From code to index an mbox-style file:
mboxMap = mmap.mmap (handle.fileno(), getFileLength (self.sourceFilename),
mmap.MAP_SHARED, mmap.PROT_READ)
Well, there's my problem. I've nearly no clue on how to use
the mmap module, so I assumed I could use the defaults.
Just tried out what you did, and it works.
The following doesn't work:
$ ./python
Python 2.2a3+ (#7, Sep 19 2001, 03:31:19)
[GCC egcs-2.91.66 19990314/Linux (egcs-1.1.2 release)] on linux2
Type "help", "copyright", "credits" or "license" for more information.
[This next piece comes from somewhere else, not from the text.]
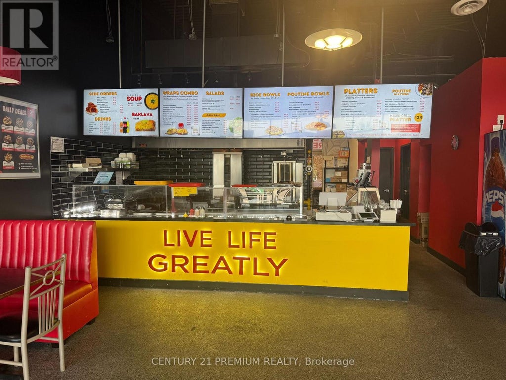 An exciting opportunity to own a well-established shawarma restaurant in a high-traffic location! This fully equipped and operational business is ready for a new owner to step in and start generating income from day one. Located in a busy plaza with excellent visibility and ample parking, the restaurant benefits from steady walk-in traffic, nearby residential communities, and surrounding commercial businesses. The restaurant can also be converted to a different cuisine with the landlord's approval. (id:6289)
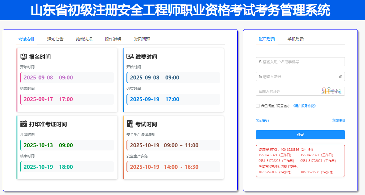 请应试人员登录山东省初级注册安全工程师职业资格考试考务管理系统(http://119.148.160.250:9001,以下简称考试考务管理系统),输入个人账号、密码、验证码,点击“登录”进入该系统,点击导航栏“我的考试”,查询考试成绩。技术咨询电话:18765226832,15550435321。

handle = open("/etc/passwd", "r")
import mmap
map = mmap.mmap(handle.fileno(), 0)
import re
pat = re.compile("^(.*(?=dalke).*)$", re.MULTILINE)
m = pat.search(map)
Traceback (most recent call last):
File "<stdin>", line 1, in ?
TypeError: expected string or buffer
>>>
In this case, the mmap call is missing the MAP_SHARED flag
(which is the default, so should be fine). It's also missing
the PROT_READ flag, so the default of PROT_READ | PROT_WRITE
is used.
I guess that's the problem, but you can see why the error message
threw me off.
Would it be useful if mmap.mmap was changed to something like
def proposed_mmap(file, size = 0, flags = mmap.MAP_SHARED,
prot = None):
# Roughly like PyObject_AsFileDescriptor in Objects/fileobject.c
if hasattr(file, "fileno"):
fileno = file.fileno()
else:
fileno = file
# See if we need to figure out the default for "prot"
if prot is None:
# File-like object may have a "mode" attribute defined
# If so, use it, otherwise default to "rw"
mode = getattr(file, "mode", "rw")
prot = 0
if "r" in mode:
prot |= mmap.PROT_READ
if "w" in mode:
prot |= mmap.PROT_WRITE
if prot == 0:
prot = mmap.PROT_NONE
return mmap.mmap(fileno, size, flags, prot)
This would allow people like me to do
handle = open("filename")
map = mmap.mmap(handle)
and have it just work. (Unless I do 'mmap.mmap(open("filename"))'
since then I'll lose a reference count and the file handle gets
closed from underneath me. I think.)
Comments?
Andrew
dalke at dalkescientific.com